Palestine: A Personal History
Karl Sabbagh, . . Grove, $24 (366pp) ISBN 978-0-8021-1842-4
Sabbagh, a writer and television producer of English and Palestinian descent, combines his family history and the political history of Palestine, tracing what he forcefully argues is the much misunderstood story of the resistance and dispossession of 700,000 Arab Palestinians in the face of a European-centered Zionist movement.
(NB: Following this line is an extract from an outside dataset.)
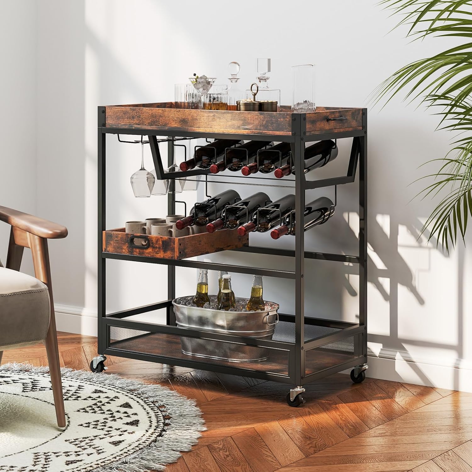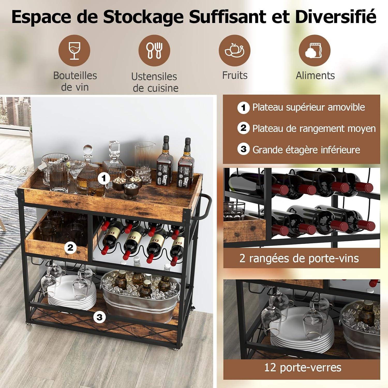 Giantex Chariot De Service De Bar à Domicile, Chariot à Barre Roulante à 3 Niveaux Avec Plateau Amovible, Casier à Vin Et Support Pour Verre, Chariot à Vin... Structure Robuste et Fiable - Fabriqué à partir de MDF robuste et d'un cadre en métal, ce chariot de service est conçu pour durer et supporte une charge substantielle allant jusqu'à 80 kg afin que vous puissiez le charger en toute confiance avec des boissons, de la vaisselle ou des articles de décoration. Charme Industriel Moderne - Ce chariot utilitaire d'inspiration industrielle s'intègre sans effort dans une gamme de décorations d'intérieur, ce qui en fait un ajout frappant à toute cuisine, salle à manger ou salon, alliant fonctionnalité et style contemporain. Desserte Giantex Darty GIANTEX Chariot De Bar à Roulettes, Desserte De Cuisine 3 Niveaux Avec Bar Mobile Il comprend également des porte-verres à double rangée, complétés par 3 étagères pour un rangement supplémentaire. Dimensions du produit. 40P x 84l x 90H centimètres · Type d'étagère. Étagères ouvertes et porte-bouteilles pour vin · Matériau. Bois d'ingénierie Métal · Matériau... Les bords métalliques ajoutent de la durabilité tandis que les inserts en caoutchouc maintiennent le plateau en place pendant le transport. Desserte Giantex Desserte à roulettes à 3 Niveaux Style

Sabbagh has a colorful family past to draw on, as the son of Isa Sabbagh, a well-known voice on the BBC's Arab Service in the 1940s and a direct descendant of Ibrahim Sabbagh, unsavory chief minister to Daher al-Omar, a local 18th-century ruler labeled "First King of Palestine." But the personal narrative serves a larger purpose: to underscore the continuity of a predominantly Arab Palestinian presence and culture going back centuries (in contrast to Zionism's biblical claims to the same land). While the narrative also uncovers a century of ill treatment and injustice meted out to Palestinians, Sabbagh emphasizes the long-standing harmony between Arabs (Muslim and Christian) and the small indigenous Jewish population in Palestine, including many acts of solidarity amid growing tensions. Carefully researched and engaging, his memoir offers a vital yet unfamiliar perspective on the ongoing Israeli-Palestinian conflict and a heartfelt, judicious invitation to dialogue.